Military history

5. THE TRAGEDY IN TROMSÖ

EINAR HAD come back that afternoon from a visit to Tromsö. Everyone there had been talking of Toftefjord and its sequel; and although the people were used to brutality, they were aghast at the pitiless drama which had reached its grim climax in their town. In fact, what Einar told Jan that night is a sombre story of inhumanity. It is told here not because there is pleasure in telling it, but because without it the full contrasting picture cannot be drawn of the compassion and kindliness of the people who helped the only survivor; for all of them were familiar with the German technique of occupation and knew quite well what punishment they would suffer if they were caught.

Although Einar, and everyone else in north Norway, knew the outline of the story a day or two after it happened, it was not till the end of the war that its details were discovered. They were given then in evidence in trials in Norwegian courts.

When the shopkeeper made the fateful decision after his sleepless night and telephoned to his friend the official, the official himself was faced with a dilemma. He was a member of the Norwegian Nazi party, whose leader Quisling had been appointed head of the puppet government by the Germans; but this fact did not mean in itself that he had Nazi inclinations. Soon after the occupation of Norway began many people in minor Government posts received a circular letter from the Germans simply saying that unless they joined the party they would be dismissed from office. In the south, a lot of them were able to consult each other when they got this ultimatum, and they agreed to reject it. So many refused to join that they succeeded in calling the Germans’ bluff and retained their offices. But in the scattered districts of the north, where it might be two days’ journey for one of them to visit another, each of them had to face this problem on his own; and a great many of them decided, or persuaded themselves, rightly or wrongly, that if they did sign on as members they would be able to protect the interests of the people, whereas if they refused they would be replaced by a German nominee. The man the shopkeeper knew was one of these.

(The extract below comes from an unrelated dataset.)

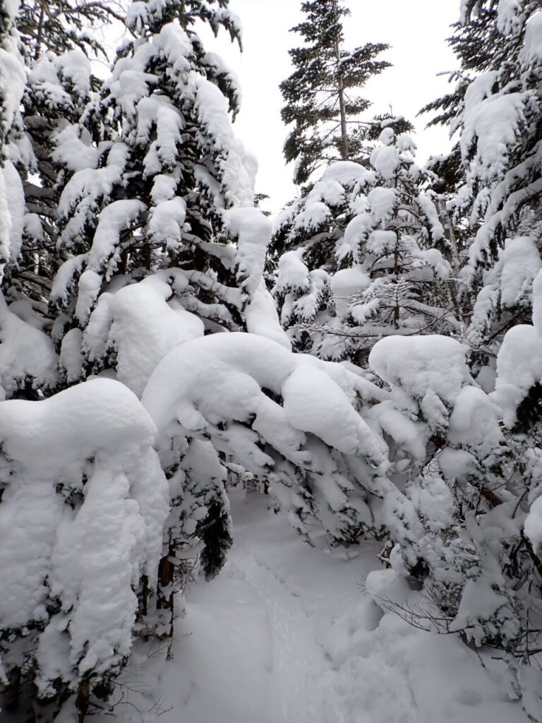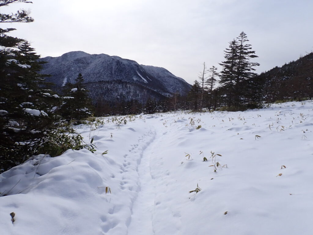 前週末のものとみられるトレースも残っており、吹き溜まった雪やその後の新雪を踏みながら、時に犬や鹿の足跡に導かれながら、時間を気にすることもルート取りに気を遣うこともなく、まさに静かな山旅を味わうことができた。

In any case, Nazi or not, it was certainly his nominal duty, as a Government servant, to report any story so strange as the one which the shopkeeper told him that morning. Perhaps he did it unwillingly. Perhaps he argued that already a dozen people had heard it, and that now the shopkeeper had begun to talk there was nothing to stop him from telling everyone. More over, the shopkeeper had told it to him on the telephone, and most of the telephones there were on party lines. Anyone could listen to interesting conversations, and everyone did. The story was bound to spread, and the Germans were bound to hear it; and then the official himself would be the first to suffer.

At all events, as soon as the shopkeeper had rung off, the official put in a call to Tromsö. With what feelings he did it, nobody but himself will ever know.

First he rang the police station, but it was still early in the morning and the constable on duty wrote down the report and said he would show it to his chief at half-past nine. He also rang a friend of his in Ribbenesöy, to ask him if he had seen any strangers, and if there was really a boat in Toftefjord. This friend had not seen anything himself; but the shopkeeper had just rung him up and told him all about it. Then the official, feeling perhaps that things were moving too quickly for him, put in a call to police headquarters. He was given another rebuff. They told him to take his own boat and go over to Toftefjord to see if the story was true.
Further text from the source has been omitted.